2 GPU Computing History

GPUs were first used for general purpose computation around 1999-2000 in order to take advantage of their superior floating point performance. However, no specialized languages like CUDA existed at that time, which meant scientific codes had to be written in graphics languages like OpenGL and algorithms had to be mapped to graphics operations (textures, vertex transformations, drawing polygons and triangle, etc...). The CUDA architecture is NVIDIA's attempt to provide a true general purpose programming language for general purpose graphics processing unit programming (GPGPU).

3 GPU Architecture

Modern CPUs are multi-core devices with (typically) 4 to 8 cores. Modern GPUs are many-core devices with as many as 512 cores.

CPU GPU Hardware Comparison
CPU GPU Hardware Comparison [1]

4 CUDA Language

CUDA code written to execute on the GPU is grouped into kernels, which are executed in parallel on the GPU by hundreds of individual light weight threads.

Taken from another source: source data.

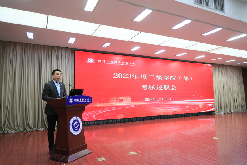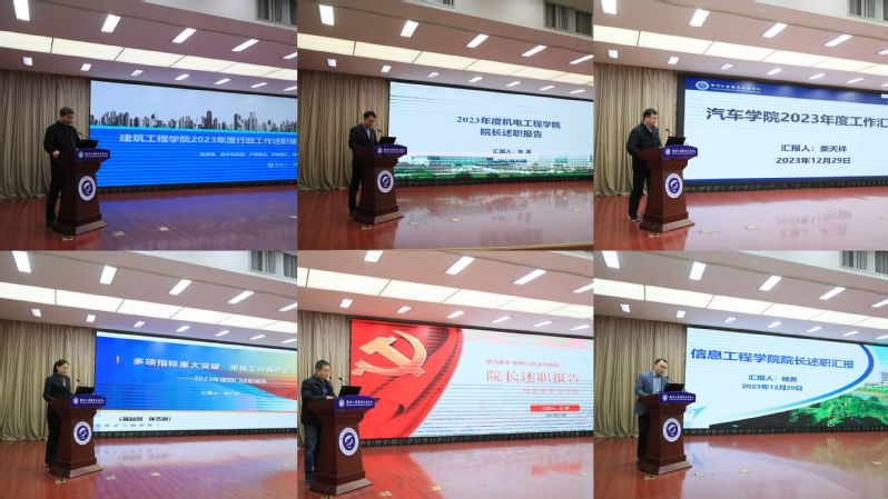 在二级学院(部)考核述职评议会议上,11个二级院(部)长依次进行年度工作述职,对照各自建设目标和任务,重点围绕工作成效、特色亮点、存在问题和下一步重点工作事项等方面进行展示。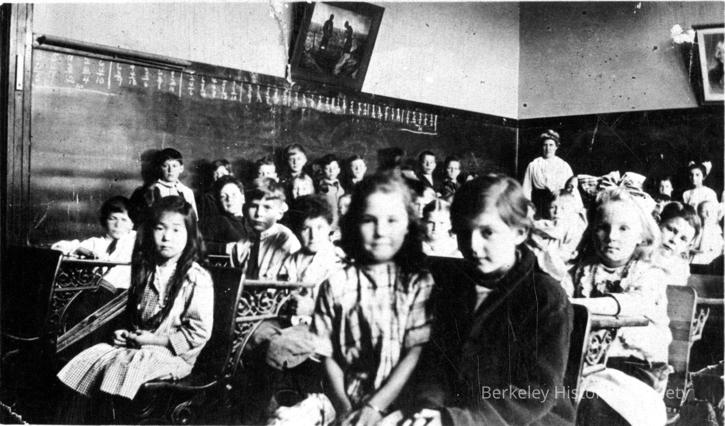 Children at desks; teacher standing in far corner of room. Addition problems on blackboard.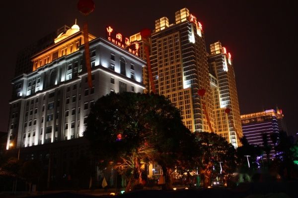 海事大楼,榕树上高挂大红灯笼。
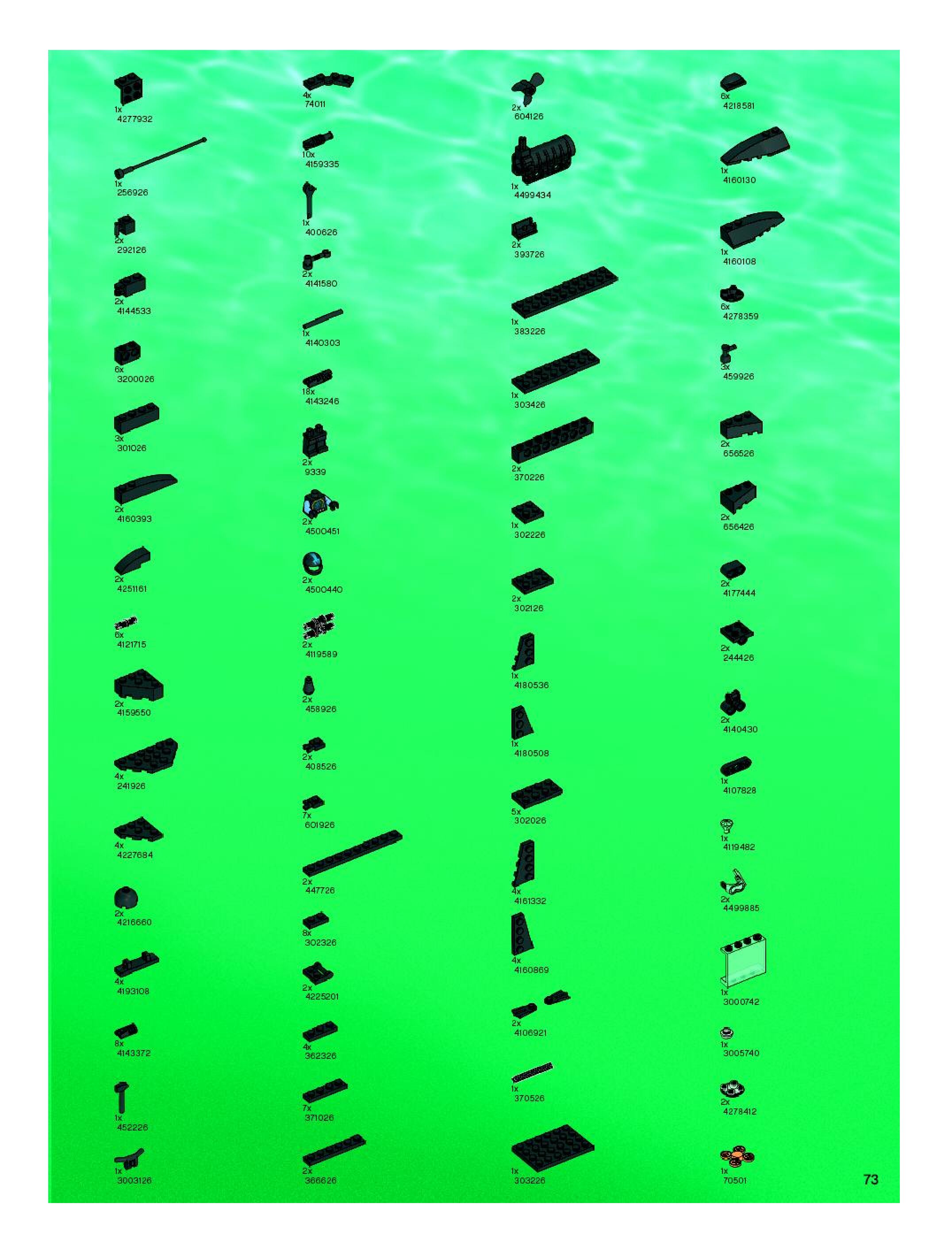The assembly guide is prepared in a very understandable way for children and adult LEGO enthusiasts. A total of 76 picture galleries are shown, explaining the step-by-step construction stages for 1 different structures.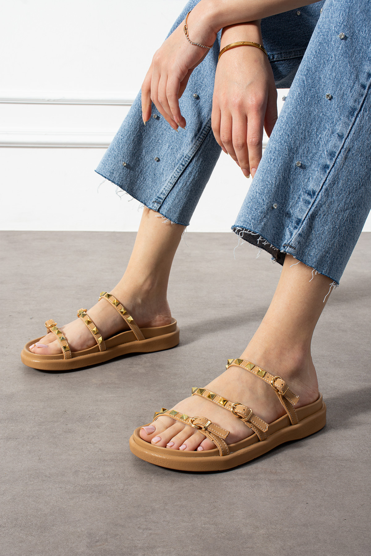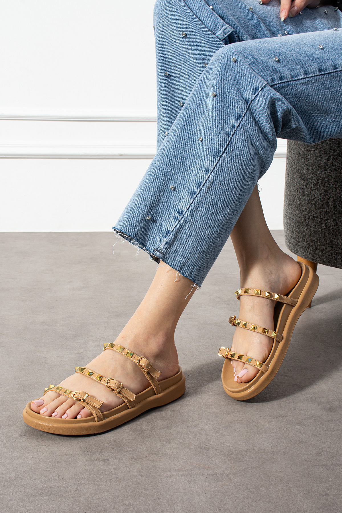 Kadın Taş Detaylı Tokalı Şık Terlik – Vizon Altın Renk Aksesuarlı Kadın Taş Detaylı Tokalı Şık Terlik – Vizon Altın Renk Aksesuarlı 005829 40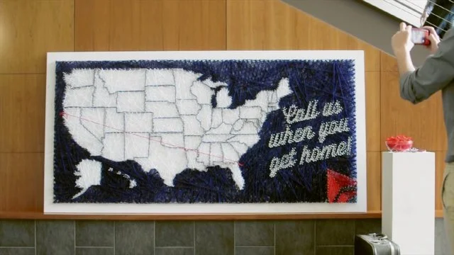 A group collaboration with fellow designer, Kristie Feltner and myself, the Delta interactive display was created. The display is located in Delta terminals across the United States. Travelers can interact with the display by stringing out where their travels will take them. They can then photograph and upload them to their favorite social networking sites to share with their friends. The feeling is personal and nostalgic; encouraging the traveler to call Delta when they arrive at their destination. In turn, this promotes feedback to the company in a fun and interactive way that allows the customer to be subtly reminded of their journey and to share it.

Each thread executes the same code and has access to a thread id which it uses to calculate array indexes and make flow control decisions. On the surface, this approach is similar to MPI, where individual nodes execute the same code and user their node id to determine what data to access and what actions to perform.

Hardware to synchronize and share data between individual cores is complicated and expensive, especially in GPUs with hundreds of cores. To make this problem tractable, CUDA groups kernel threads into blocks of up to 512 threads. The threads in an individual blocks can pass data through fast shared memory, and can synchronize execution using __syncthreads(). In addition to simplifying chip hardware, this design makes CUDA algorithms highly scalable. As GPUs are created with more and more cores, additional blocks of threads can be launched to achieve higher degrees of parallelism without affecting the underlying algorithm.

4.1 Memory Hierarchy

CUDA uses three levels of memory. The smallest and fastest are registers. Registers are accessible only by a single thread, are stored directly on the chip, and offer very fast access time. In CUDA kernels, local variables are automatically stored in registers with no additional syntax required. However, an array of more than four elements will be stored in global memory instead of in registers!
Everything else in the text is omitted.